Hello,
I read the thread "how bad is a category with ....", and I was wondering how categories were filled. If I understand well, categories were filled by editors of the article. This assume that these editors know the whole set of categories and that these categories will not change with time ? I was wondering if there is projects to help *detect* categories and then to help editors by *suggesting* categories ?

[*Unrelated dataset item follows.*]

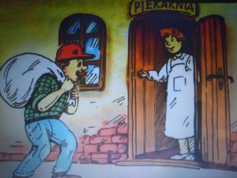 Miś nic nie odpowiedział, ale bardzo się zdziwił. „Przecież chleb robi się z mąki, a mąka jest biała, a nie zielona.” Po drodze jechał wóz. A na wozie siedział dziadek Walenty.

I am thinking about two different technologies to help dealing with these two problems : 1) Text clustering to help finding categories but probably not using classical approaches where words space is used to describe a document (applying a part of speech tagging http://en.wikipedia.org/wiki/Part-of-speech_tagging, stemming http://en.wikipedia.org/wiki/Stemmer, ...). I am thinking about clustering links graph (seems similar to the clique problem http://en.wikipedia.org/wiki/Clique_problem but with different constraints), i.e. each document will not be described by his words (or lemmas, LSA vector...) but by his links to other articles using an algorithm that do not needs the number of cluster before processing but needs a distance or a similarity threshold. With this kind of processing, you will have a set of clusters that are linked together, but a cluster will probably not be a complete graph (this is the difference with the clique problem). Once you have the clusters, you need to try labeling them with a category : - give to the user the role of identifying the category name - use the words space to find the better words that describe this set of articles - ... Then you can run this algorithm on a category to try to split it in sub categories.

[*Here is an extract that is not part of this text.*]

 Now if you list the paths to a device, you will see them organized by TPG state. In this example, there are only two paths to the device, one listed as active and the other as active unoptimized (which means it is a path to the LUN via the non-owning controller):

2) Machine learning or links graph exploration to suggest categories during edition of an article. This first idea is to try to learn existing categories with a machine learning algorithm (using words space) to guess categories of a new article (but this algorithm will have to deal with the new categories and the fact that the number of document not having a category is grater than number of document having a category). The second idea is really more simple and easier to implement : When you edit an article, you can suggest categories of linked articles (can be replaced by an other graph-exploration algorithm).
Is there some functions like these in Wikimedia ? and to you think that this kind of algorithms could help ? Finally, do you know people working on this functionalities (maybe people working on semantic web ?)
Best Regards. Julien Lemoine